Le vrai sujet en maison performante : la puissance minimale
Ce que le bâtiment demande, ce que l'appareil délivre
Le besoin se calcule, il ne s'estime pas. Les ordres de grandeur ci-dessous servent à cadrer une discussion en visite, jamais à remplacer un calcul de déperditions conduit selon la NF EN 12831.
| Surface chauffée | Déperditions à la température de base, enveloppe BBC ou RE2020 | Plus petite puissance nominale courante, bûches | Rapport puissance sur besoin |
|---|---|---|---|
| 80 m² | 2,0 à 2,8 kW | 4 à 5 kW | 1,4 à 2,5 |
| 100 m² | 2,5 à 3,5 kW | 4 à 5 kW | 1,1 à 2,0 |
| 140 m² | 3,5 à 4,9 kW | 6 kW | 1,2 à 1,7 |
Le rapport reste supérieur à 1 dans tous les cas. C'est une caractéristique du marché, pas une erreur de choix, et elle impose une conséquence : le poêle sera un appoint de confort, jamais le générateur principal dimensionnant, sauf à accepter des surchauffes.
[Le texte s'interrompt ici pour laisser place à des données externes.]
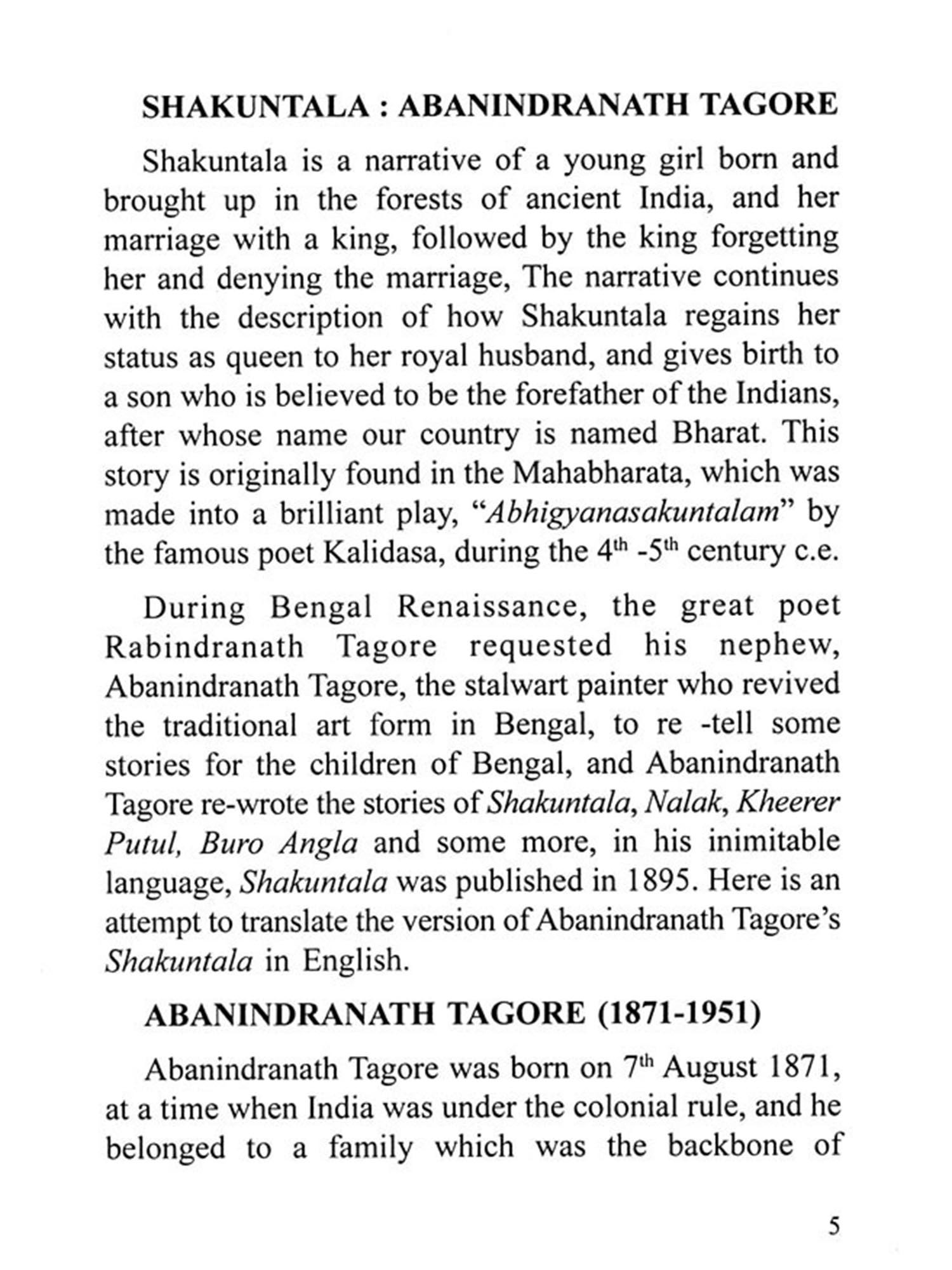 Abanindranath Tagore, rewrote some classic stories for the children of Bengal, during 19th century. Here is a translation of Abanindranath Tagore's Shakuntala in English.
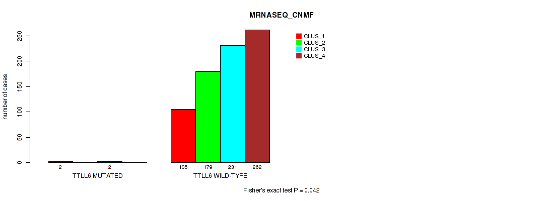 Table S642. Gene #67: 'FAM20C MUTATION STATUS' versus Molecular Subtype #11: 'MIRSEQ_MATURE_CNMF'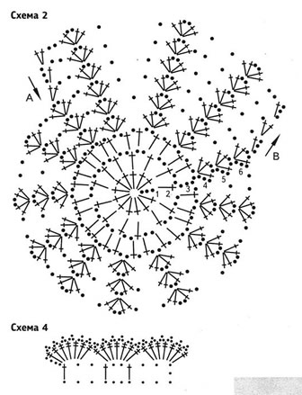 5-й р.: 1 возд. п. подъёма, в каждую арку из возд. п. 4-го р. вязать 1 ст. б/н, 1 полуст, 3 ст. с/н, 1 полуст., 1 ст. б/н, 1 соед. ст. в возд. п. подъёма.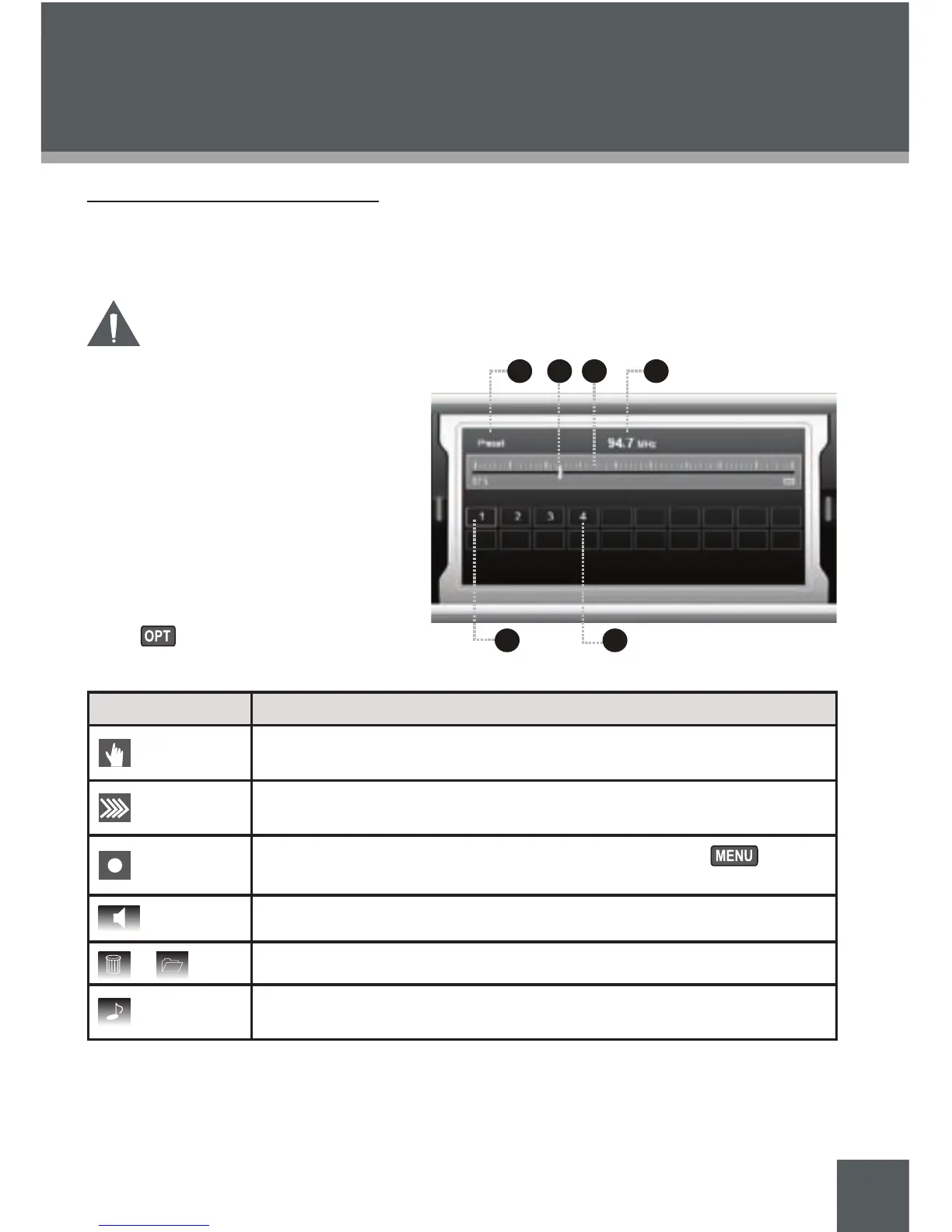 Toggle between Preset or Scan (manual) tuning modes. (The scan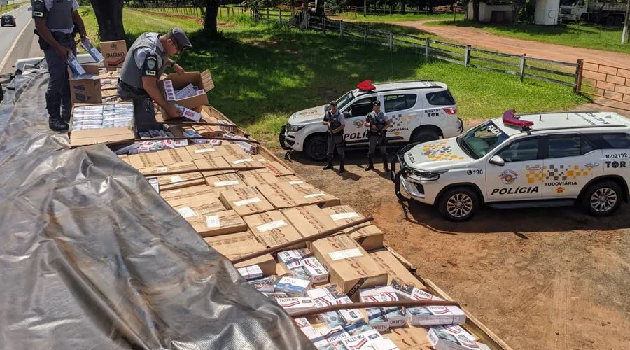 Motorista de carreta é flagrado na SP-294 com 400 mil maços de cigarros contrabandeados
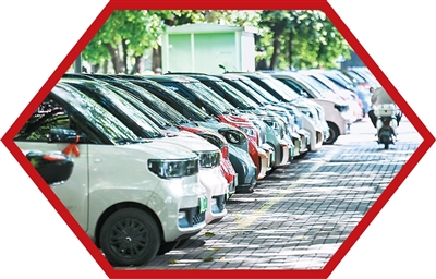 在广西壮族自治区柳州市街头拍摄的一处新能源汽车专用停车区。 |

Ce calcul se conduit une fois pour toutes quand les déperditions sont reprises pièce par pièce selon la NF EN 12831-1 et éditées en note de dimensionnement.
Pourquoi le ralenti est le mauvais réglage
Réduire l'air comburant pour tempérer une pièce fait chuter la température de foyer, la combustion devient incomplète, le monoxyde de carbone et les particules montent, le conduit se charge en bistre et la vitre noircit. Le même appareil, mesuré conforme au règlement en allure nominale, sort de son domaine de validité. Sur un logement performant, la conduite du feu se règle par la charge introduite et par la fréquence des flambées, pas par la fermeture de l'air.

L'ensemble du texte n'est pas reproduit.